> [Instructions for the task]: Would you return the lines that run from the start of the data below to the line with "Featuring a peach", both included, exactly as written and without pictures?

Recorded data:
..............................

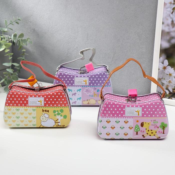 Копилка металл "Сумочка со зверятами" МИКС 8,5х14,5х6,5 см
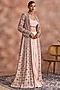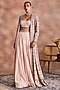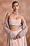 Featuring a peach jacket in chanderi silk base with an embellished belt. It is paired with an embellished blouse and skirt. Accentuate it with statement earrings and heels for a festive occasion, sangeet ceremony or cocktail.
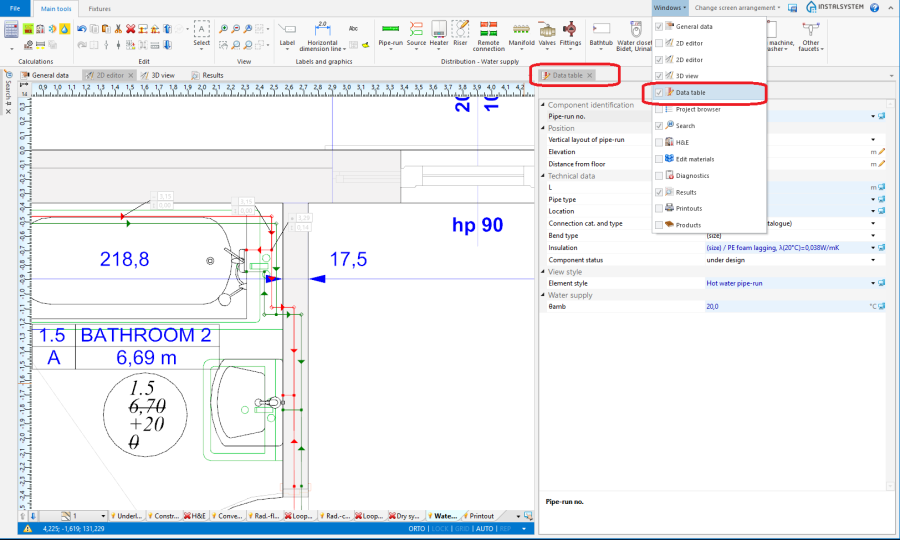 Każdy element w projekcie posiada swój zestaw danych, których edycja jest możliwa po zaznaczeniu tego elementu, przy pomocy Tabela danych. Dotyczy to zarówno elementów z zakresu konstrukcji budynku, elementów wszystkich projektowanych instalacji, jak również innych elementów, stanowiących obiekty programu - np. wspomniany przy imporcie rzutów kondygnacji obiekt "Plik graficzny" lub obiekt "Układ wydruku". Tabela danych można ją włączyć/wyłączyć poprzez jej wybór z menu Okna dostępnego na wstążce lub za pomocą klawisza F12.
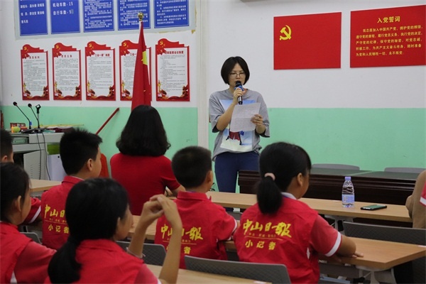 在儀式中,中山日報《鳳凰花開》校園??骶廃S漢英致辭,她向同學們介紹了成立小記者站的目的和意義,同時希望小記者們用眼睛觀察事物、用筆記錄見聞,從小記者的角度去認識和記錄世界,也期待小記者們能走出校園、走進社會,在實踐活動中鍛煉自己的膽識與勇氣,用自己獨特的視角,發(fā)現(xiàn)一切值得記錄的精彩瞬間。接著,中山報業(yè)傳媒股份有限公司教育工作室總監(jiān)羅展新女士向學校蘇少麗校長授牌,蘇校長表示,今后將充分發(fā)揮小記者站這一平臺的作用,激發(fā)學生寫作的興趣,她希望同學們在活動中能做到勤于觀察、善于思考,增長見聞,增強社會責任感。
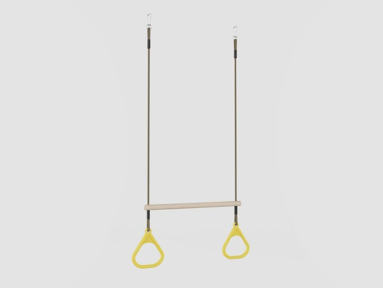Кольца выполнены из прочного нескользящего пластика, подвес колец к комплексу осуществляется с помощью стальных карабинов и нейлонового троса, выдерживающего вес до 150 кг.

..............................

> [Answer to this exercise]:
 Копилка металл "Сумочка со зверятами" МИКС 8,5х14,5х6,5 см
 Featuring a peach jacket in chanderi silk base with an embellished belt. It is paired with an embellished blouse and skirt. Accentuate it with statement earrings and heels for a festive occasion, sangeet ceremony or cocktail.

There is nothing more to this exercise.